Boosting Team Member Co-operation

It is not unusual in any team to find prickly relationships between some team members, and that can often cause a drag on the team’s performance.  But there’s no need to indulge in some great 360° appraisal programme to tease out the issues;  that can be done much more simply, and within the team.  So part of the preparation for the TOM is to answer these questions.

  • What could your team boss do personally which would allow you to improve your effectiveness as a member of the team?
  • What could each of the other team members do for you which would improve your effectiveness without damaging theirs?

The key is not to make complaints, but to make positive requests.  The recipients do not have to say ‘yes’, but if they say ‘no’, they have to say why.  That’s all.  However, the process is a two-way street – whatever change one team member asks of their boss or a colleague, they should expect to have similar requests made of themselves, and be just as ready to change.

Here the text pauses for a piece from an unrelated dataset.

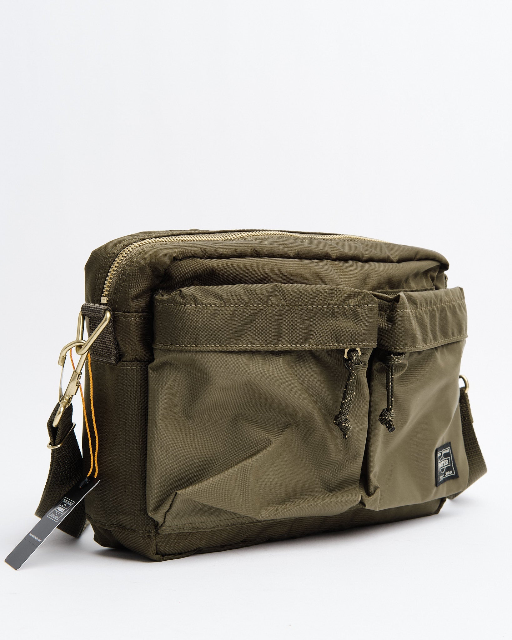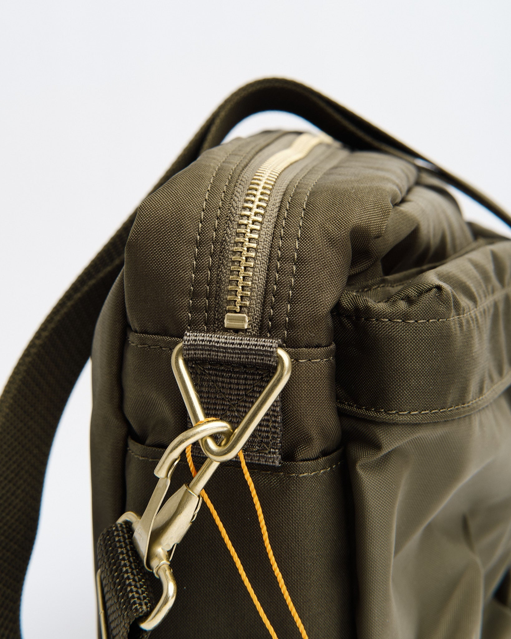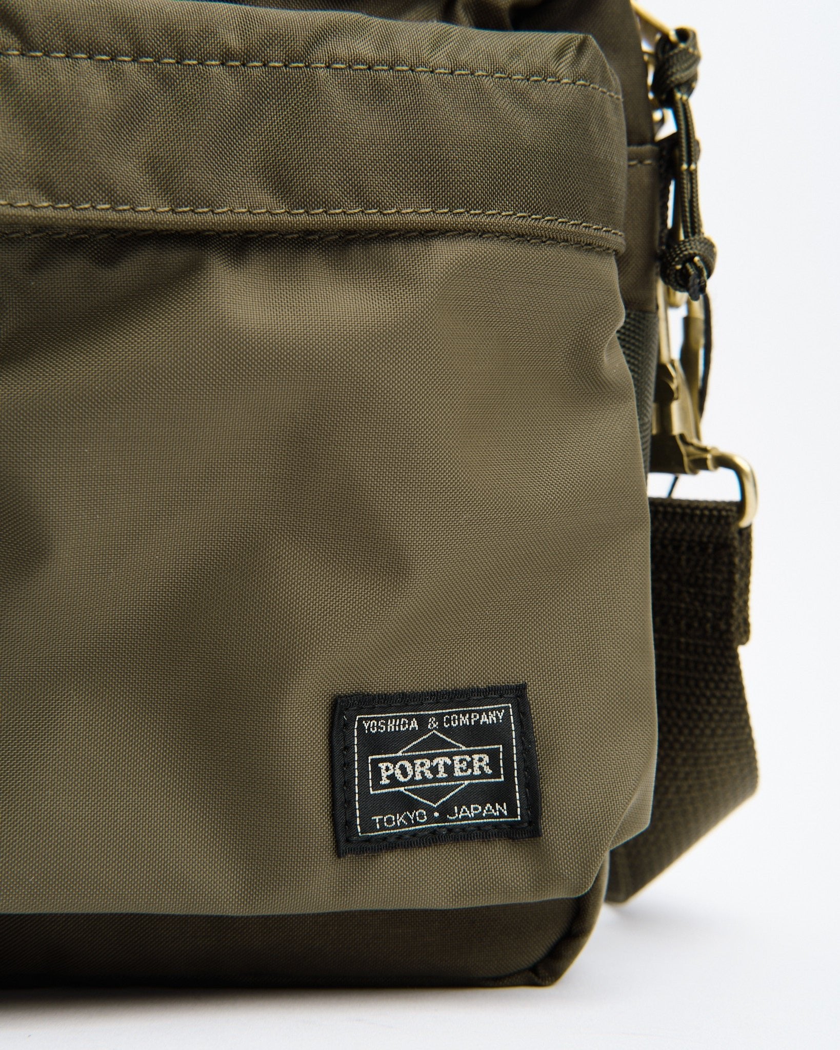 De PORTER BY YOSHIDA Force Schoudertas (S) maakt deel uit van de PORTER FORCE-serie, die inspiratie haalt uit militaire esthetiek en de toevallige kleurverschillen die in militaire goederen worden gevonden. Een opvallend kenmerk van dit ontwerp is de subtiele kleurvariatie tussen de stof van het voorvak en het hoofdgedeelte van de tas, wat de indruk geeft van het gebruik van verschillende stofpartijen. Deze serie viert deze onregelmatige kleurenschema's, vaak gevonden in militaire kleding en accessoires.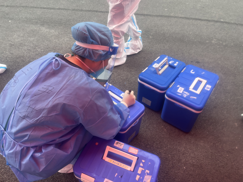 周文雯在核酸检测现场帮居民测体温)

In practice, team members generally ask for straightforward common-sense changes which get readily agreed.  Often the recipient did not realise such small changes could remove some unsuspected irritation or make such a positive difference to a relationship.  But, simple as the process is, the act of seeing so many agreements being made across the team on what can often be sensitive issues, undoubtedly creates closer bonds within the team and their ability to work well together.

*   *   * 

Great teamwork adds an extra dimension to the performance of any sports team, and it’s just the same in business.  After a top management TOM, with its fundamental 100% agreement rule, Directors all start voicing the same story about the priority objectives of the business.  That’s what convinces managers and staff that the Board has really ‘got its act together’, and that in turn is a powerful driver for encouraging teamwork throughout the whole organization.